- **Raw data**:
######
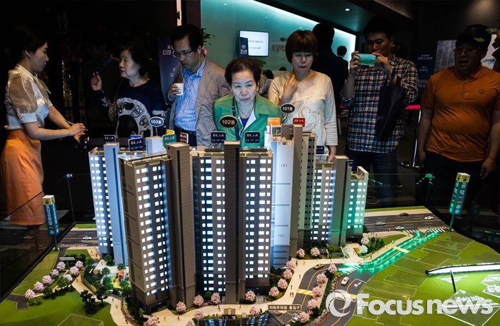 (서울=포커스뉴스) 이달 6만 8천여 가구라는 물량이 쏟아져 5월 분양전쟁이 예상되는 가운데 서울 용산구 효창동 KCC 스위첸 견본주택이 방문한 시민들로 붐비고 있다.
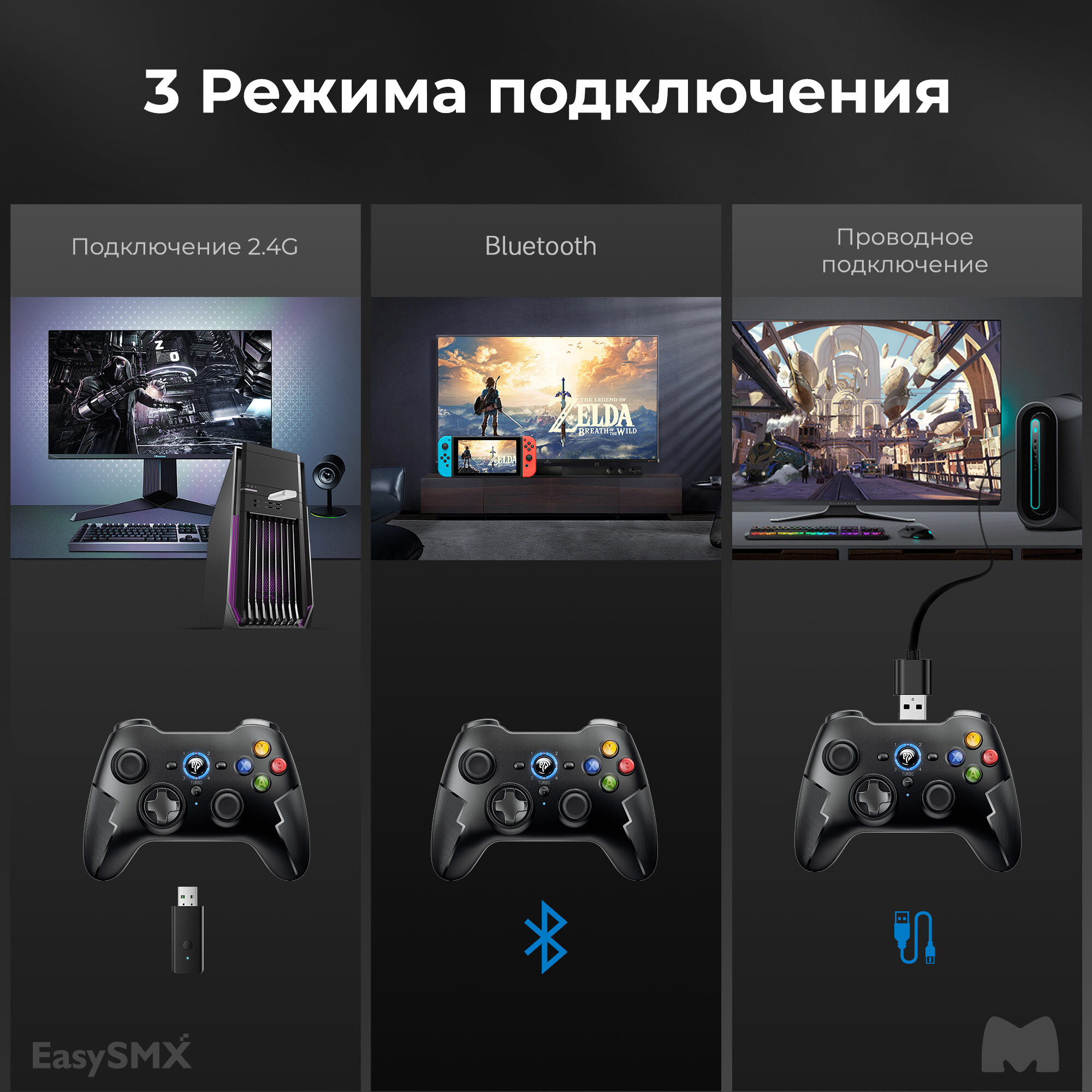 10 цен на Беспроводной геймпад EasySMX ESM-9013Pro / Для ПК, Смартфона iOS и Android / Bluetooth, 2,4Ггц / датчики Холла, цвет черный (VG-C418)
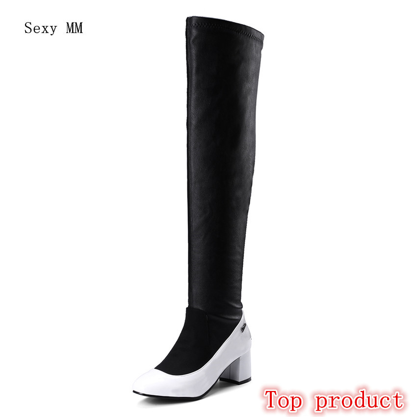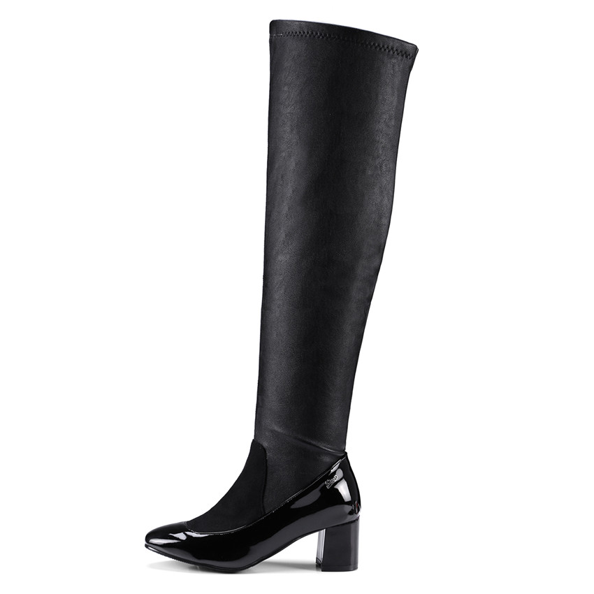 Product Category: Fashion BootsApplicable age: adultUpper material: suedeApplicable gender: femaleStylePopular boots over the knee stretch bootsPopular elements leather stitchingTube height over the knee...
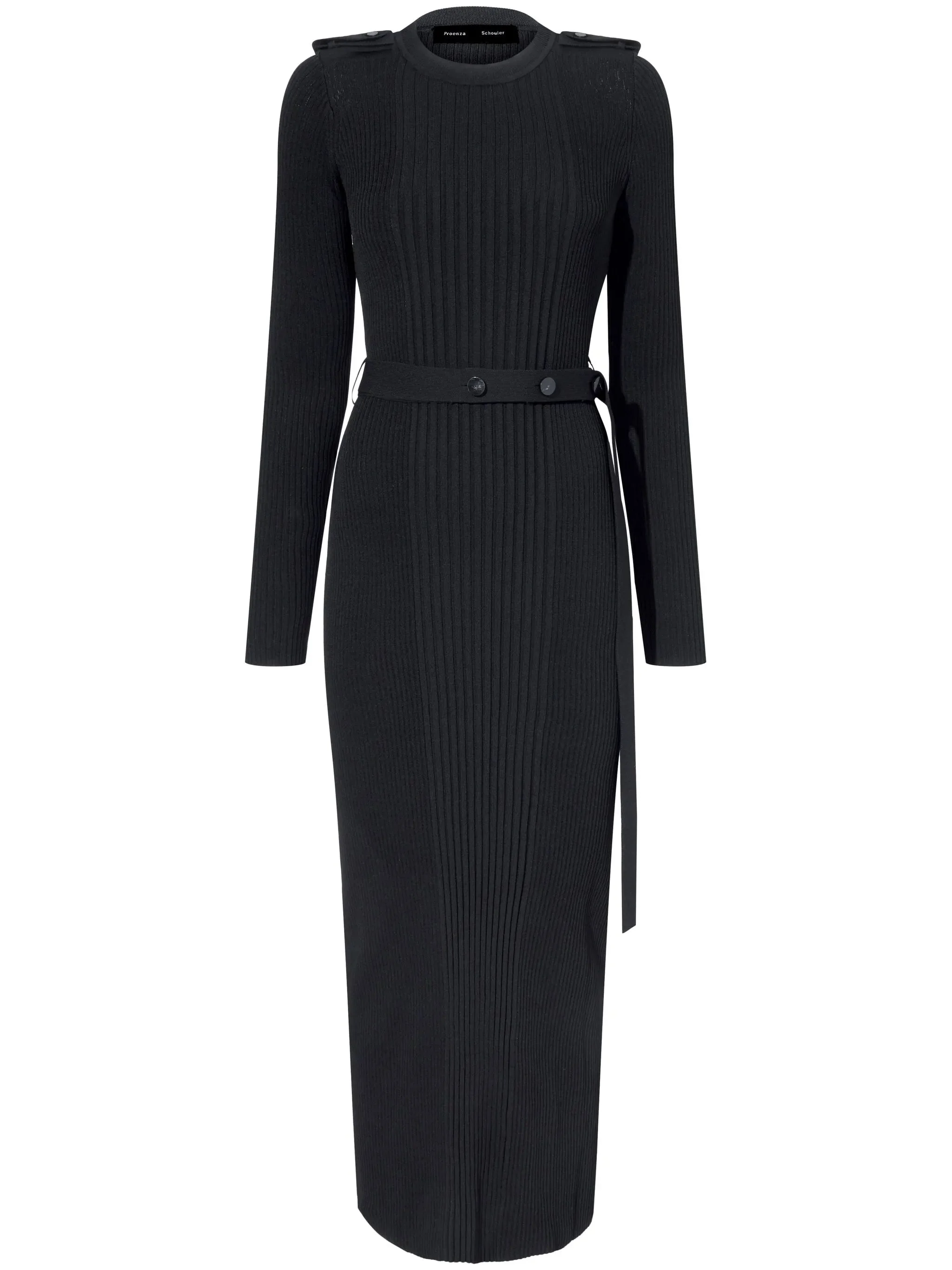 - black - silk - ribbed knit - epaulettes - crew neck - long sleeves - belted waist - rear slit - long length - straight hem Materials & Product Care Polyamide 100%, Silk 100%, viscose 100%
######
- **Exercise details**: Pictures stay out. Print the data exactly, from its first line through the line containing "10 цен на Беспроводной".

- **Finished exercise**:
 (서울=포커스뉴스) 이달 6만 8천여 가구라는 물량이 쏟아져 5월 분양전쟁이 예상되는 가운데 서울 용산구 효창동 KCC 스위첸 견본주택이 방문한 시민들로 붐비고 있다.
 10 цен на Беспроводной геймпад EasySMX ESM-9013Pro / Для ПК, Смартфона iOS и Android / Bluetooth, 2,4Ггц / датчики Холла, цвет черный (VG-C418)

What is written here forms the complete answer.